Friday, June 24, 2011

Summer Fun

I promise I will finish Lucas's story...but not today. I am officially on "summer" contract, which entails only 10 hours of work each week. Love that my attention is now on the kiddos and all kinds of summer fun. There have been serious talks of me staying at home....but I am torn more than the hubby. I love my job...and I love staying at home with the kiddos. And....I would love to be a foster momma. I can't do all three. This summer will hopefully lead me to an answer. I do know that I will at least work this next year. Then maybe I will try to finagle a part time position or maybe I will just adjunct teach a few courses. In the mean time I am going to have fun with the kiddos.

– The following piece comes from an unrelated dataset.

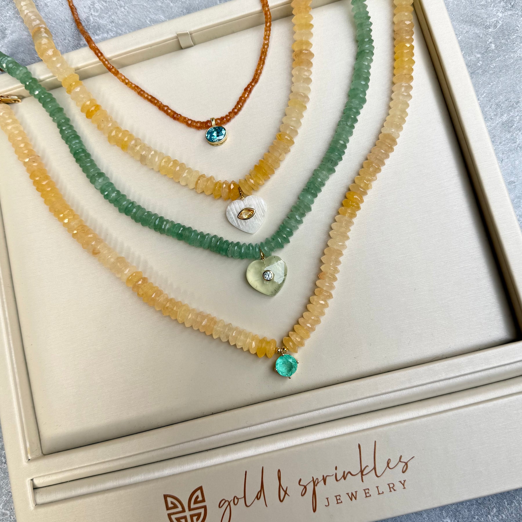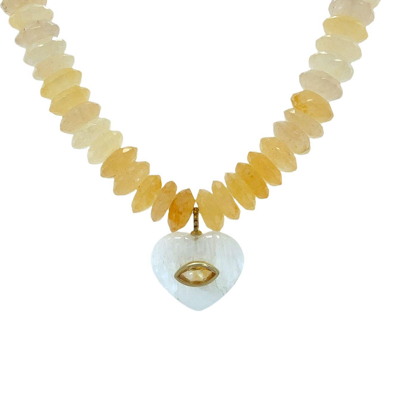 Moonstone and Citrine Charm on Yellow Aventurine Beaded Necklace

Lucas turned 2 months old on Monday!!

11lbs 8 ozs
23 inches

The doctor said it was rare to have a baby so social!
He smiles at EVERYONE!

Loves playing in his play gym and bouncer.
Started batting at toys.
Doesn't mind tummy time (at least compared to his sister who hated it).
Loves to cuddle with whoever will hold him.
Holds conversations with the sweetest sounds.

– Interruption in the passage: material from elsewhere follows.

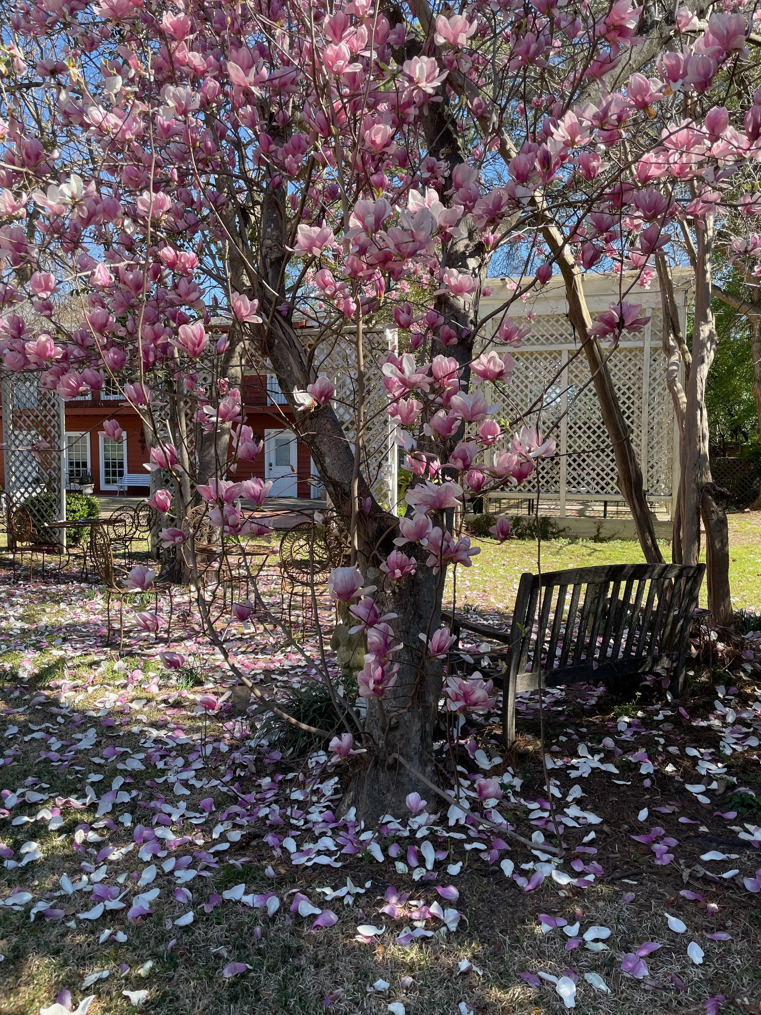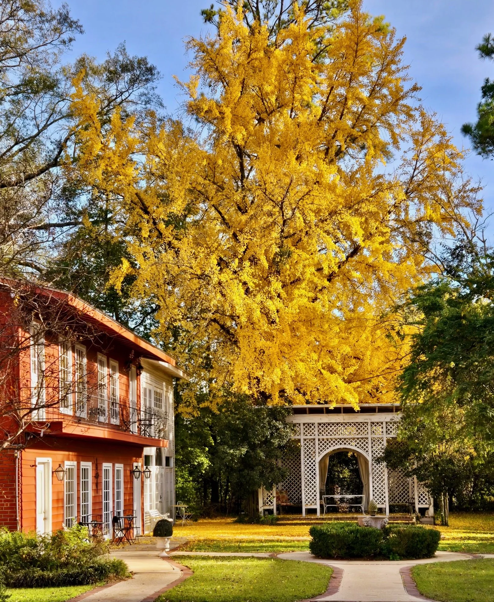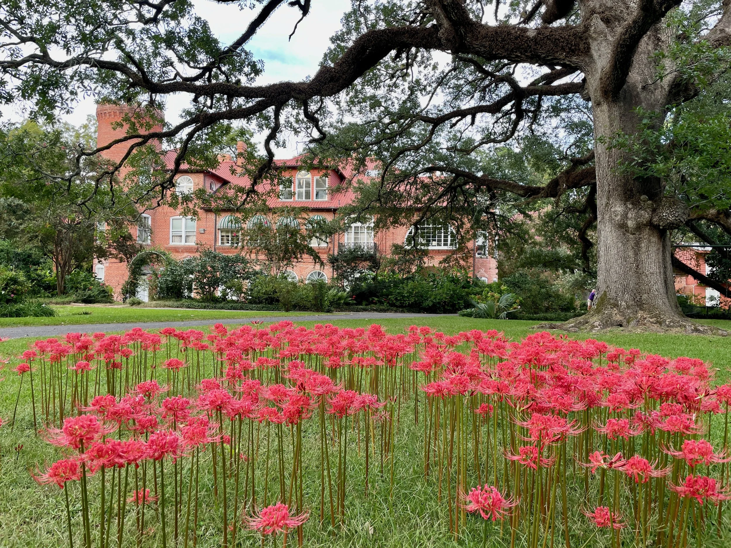 Our picturesque building sits on 5 acres full of ancient live oaks, magnolias, pecan trees and crepe myrtles, as well as over 40 camellias. There are several beautiful places to consider holding your event on the grounds.

Just slept 8 hours last night for the first time!!!

We are loving this boy....he is truly a precious happy guy.
God has blessed this house and this family again.

Here are some summer fun pictures:
I know I am partial but aren't these two the cutest! I just got tears looking at their precious faces and smiles. Now that's why I want to stay at home.

Sunday, June 5, 2011

What happened to April and May?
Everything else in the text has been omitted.